▸ **Supplied information**:
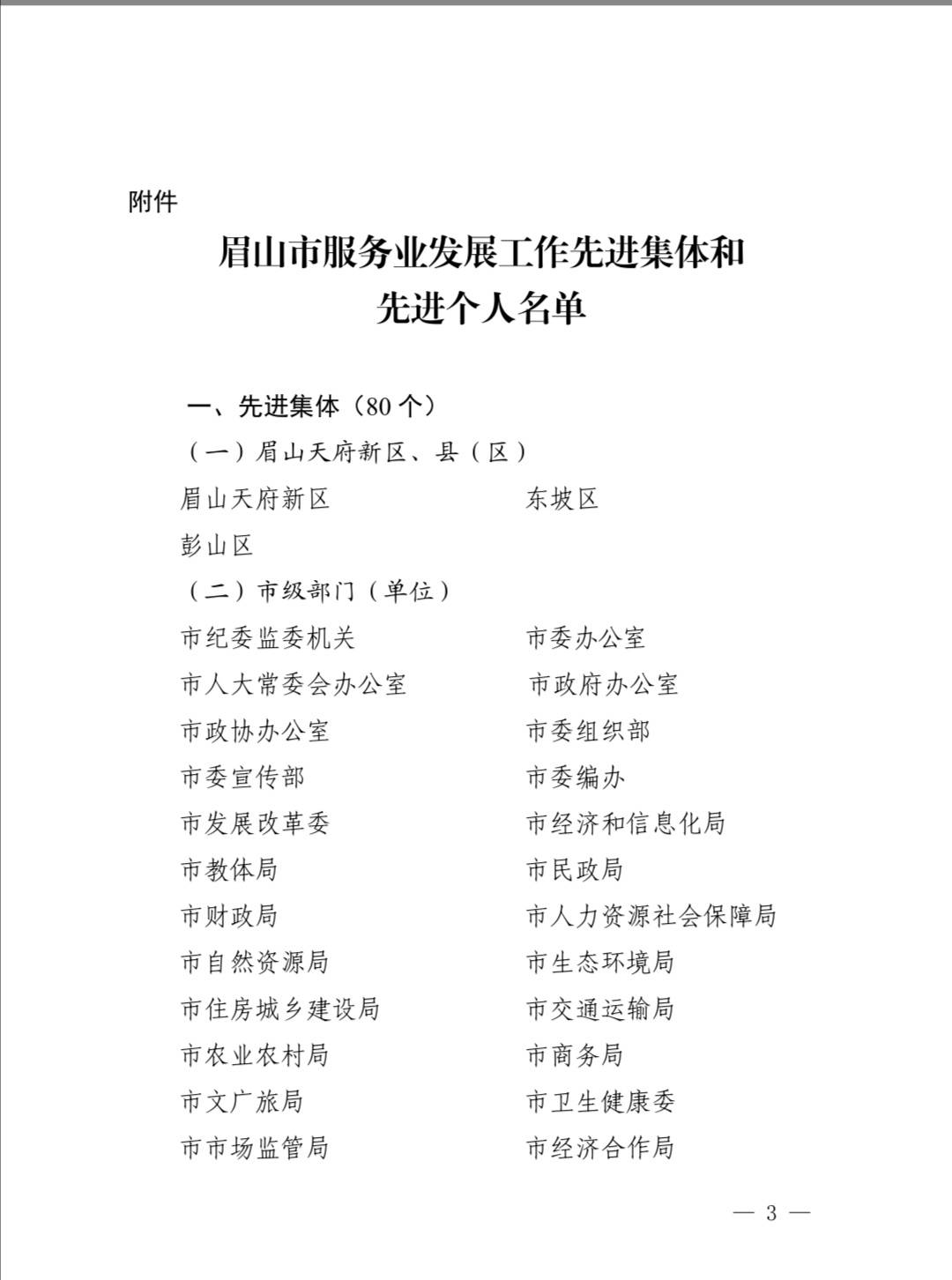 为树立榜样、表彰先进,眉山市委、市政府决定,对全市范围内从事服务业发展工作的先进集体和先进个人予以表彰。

...

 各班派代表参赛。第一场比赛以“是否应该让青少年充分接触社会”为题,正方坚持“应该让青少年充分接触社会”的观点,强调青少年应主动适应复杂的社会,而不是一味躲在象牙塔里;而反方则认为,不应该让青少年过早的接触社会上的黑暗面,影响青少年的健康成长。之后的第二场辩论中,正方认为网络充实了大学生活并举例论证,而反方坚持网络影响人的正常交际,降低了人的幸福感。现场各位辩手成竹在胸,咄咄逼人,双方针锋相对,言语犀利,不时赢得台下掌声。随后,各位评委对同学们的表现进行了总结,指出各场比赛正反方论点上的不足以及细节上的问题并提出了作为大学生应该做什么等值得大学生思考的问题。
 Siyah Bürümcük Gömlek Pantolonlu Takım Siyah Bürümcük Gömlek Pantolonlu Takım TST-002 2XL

▸ **What is being asked**: Begin with the line that has "各班派代表参赛。第一场比赛以" in the listing above and end after the line that has "Siyah Bürümcük Gömlek Pantolonlu Takım Siyah"; output those lines exactly.

▸ **The completed task**:
 各班派代表参赛。第一场比赛以“是否应该让青少年充分接触社会”为题,正方坚持“应该让青少年充分接触社会”的观点,强调青少年应主动适应复杂的社会,而不是一味躲在象牙塔里;而反方则认为,不应该让青少年过早的接触社会上的黑暗面,影响青少年的健康成长。之后的第二场辩论中,正方认为网络充实了大学生活并举例论证,而反方坚持网络影响人的正常交际,降低了人的幸福感。现场各位辩手成竹在胸,咄咄逼人,双方针锋相对,言语犀利,不时赢得台下掌声。随后,各位评委对同学们的表现进行了总结,指出各场比赛正反方论点上的不足以及细节上的问题并提出了作为大学生应该做什么等值得大学生思考的问题。
 Siyah Bürümcük Gömlek Pantolonlu Takım Siyah Bürümcük Gömlek Pantolonlu Takım TST-002 2XL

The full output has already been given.